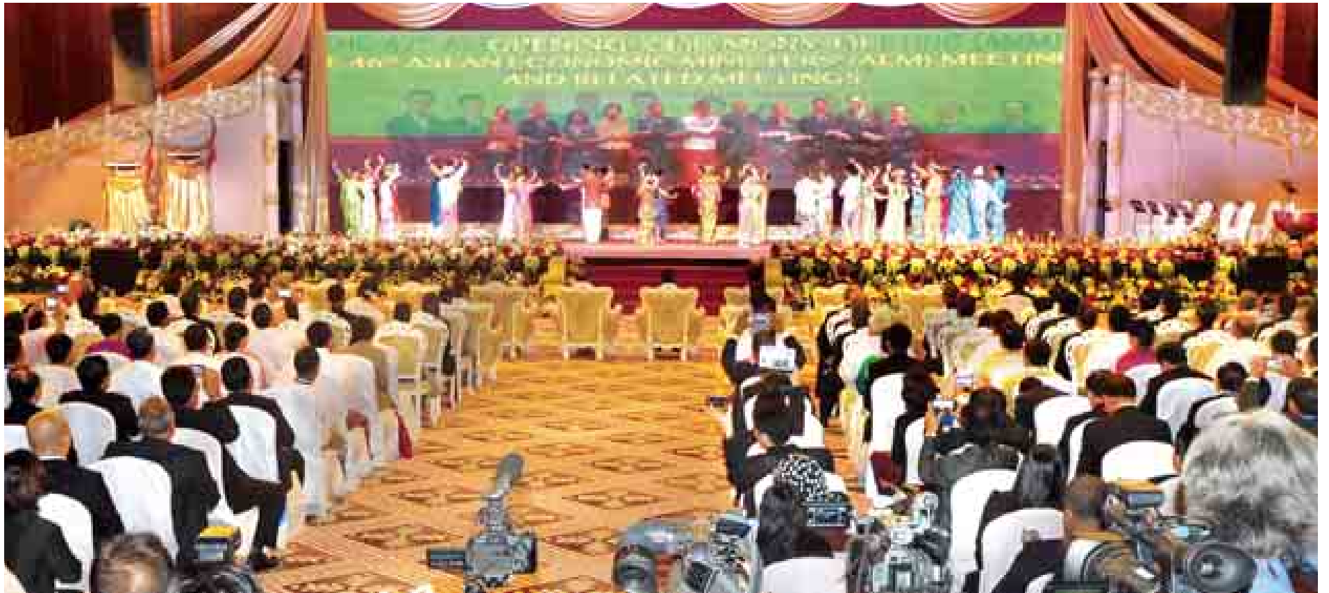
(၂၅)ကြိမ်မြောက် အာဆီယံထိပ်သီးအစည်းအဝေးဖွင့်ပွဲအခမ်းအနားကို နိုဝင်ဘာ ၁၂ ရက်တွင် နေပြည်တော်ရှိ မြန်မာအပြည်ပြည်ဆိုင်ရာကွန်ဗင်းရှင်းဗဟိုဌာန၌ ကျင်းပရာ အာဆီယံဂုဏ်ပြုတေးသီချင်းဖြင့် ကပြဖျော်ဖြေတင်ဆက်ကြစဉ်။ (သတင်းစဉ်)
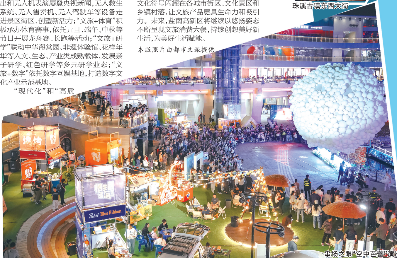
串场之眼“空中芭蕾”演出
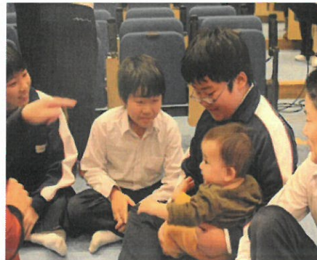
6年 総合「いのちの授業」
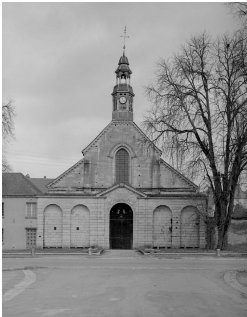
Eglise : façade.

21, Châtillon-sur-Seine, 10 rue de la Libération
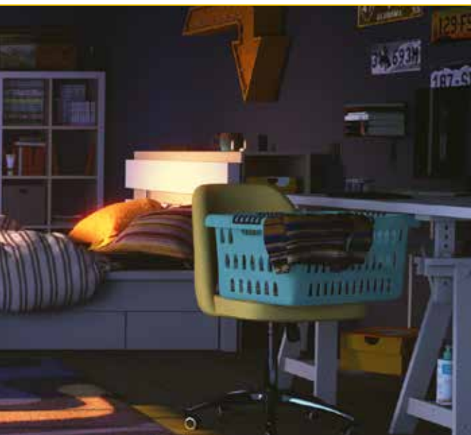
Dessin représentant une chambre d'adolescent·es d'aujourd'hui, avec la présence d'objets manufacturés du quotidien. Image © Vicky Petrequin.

————

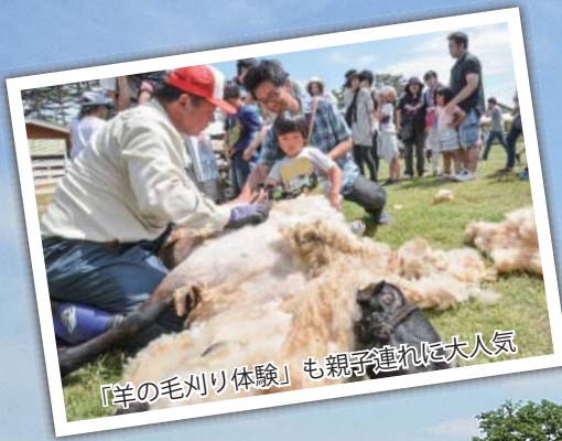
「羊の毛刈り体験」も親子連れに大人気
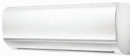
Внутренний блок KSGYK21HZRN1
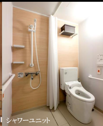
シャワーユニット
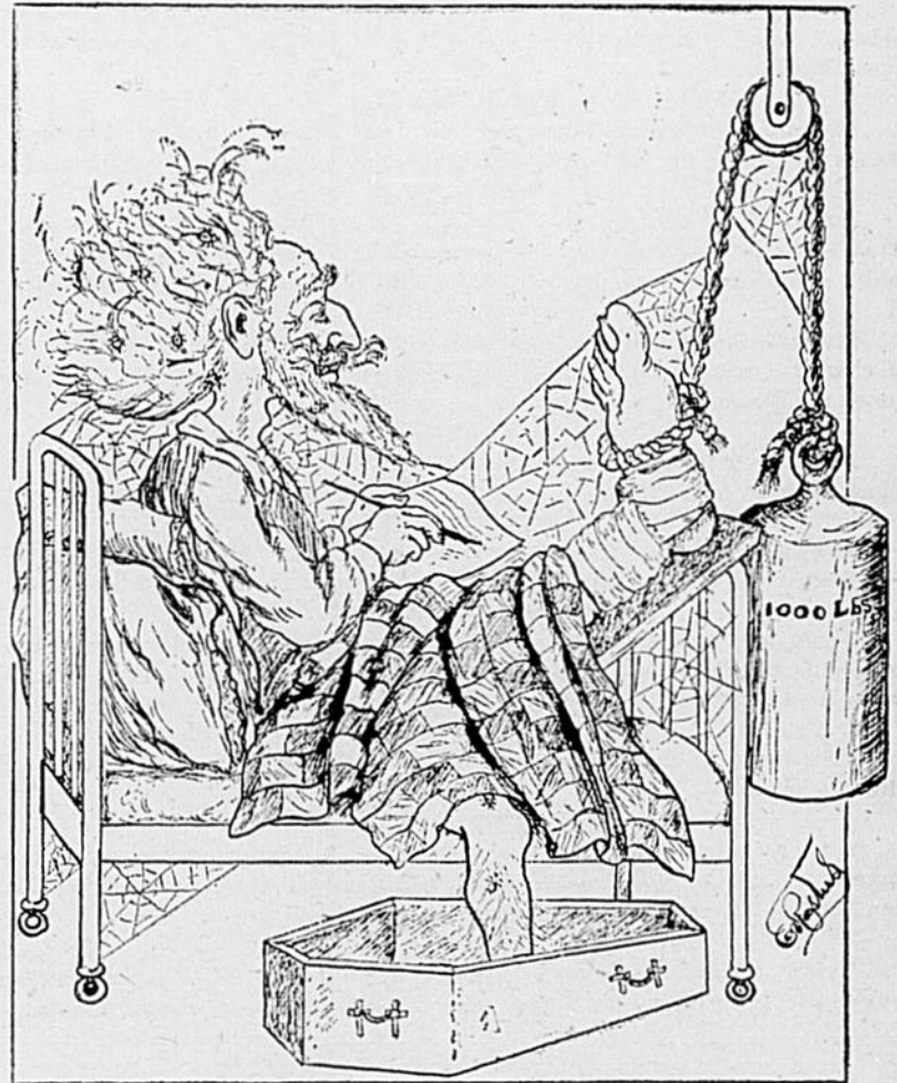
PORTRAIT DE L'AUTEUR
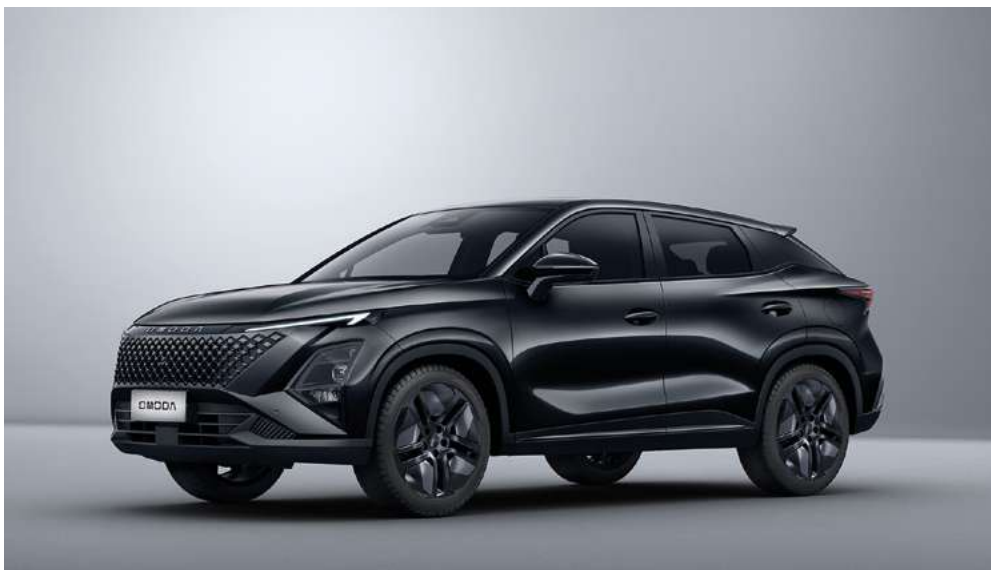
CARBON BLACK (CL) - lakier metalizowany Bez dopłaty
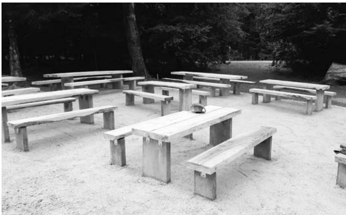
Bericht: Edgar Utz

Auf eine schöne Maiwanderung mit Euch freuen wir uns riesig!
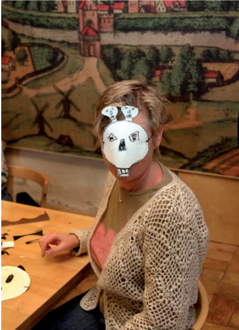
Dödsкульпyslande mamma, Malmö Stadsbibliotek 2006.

————

Above, find the line with "အာဆီယံဂုဏ်ပြုတေးသီချင်းဖြင့် ကပြဖျော်ဖြေတင်ဆက်ကြစဉ်။ (သတင်းစဉ်)"; copy it and every line down to the line with "Dessin représentant une", exactly and both included, but no pictures.

EXERCISE OUTPUT:
(၂၅)ကြိမ်မြောက် အာဆီယံထိပ်သီးအစည်းအဝေးဖွင့်ပွဲအခမ်းအနားကို နိုဝင်ဘာ ၁၂ ရက်တွင် နေပြည်တော်ရှိ မြန်မာအပြည်ပြည်ဆိုင်ရာကွန်ဗင်းရှင်းဗဟိုဌာန၌ ကျင်းပရာ အာဆီယံဂုဏ်ပြုတေးသီချင်းဖြင့် ကပြဖျော်ဖြေတင်ဆက်ကြစဉ်။ (သတင်းစဉ်)
串场之眼“空中芭蕾”演出
6年 総合「いのちの授業」
Eglise : façade.

21, Châtillon-sur-Seine, 10 rue de la Libération
Dessin représentant une chambre d'adolescent·es d'aujourd'hui, avec la présence d'objets manufacturés du quotidien. Image © Vicky Petrequin.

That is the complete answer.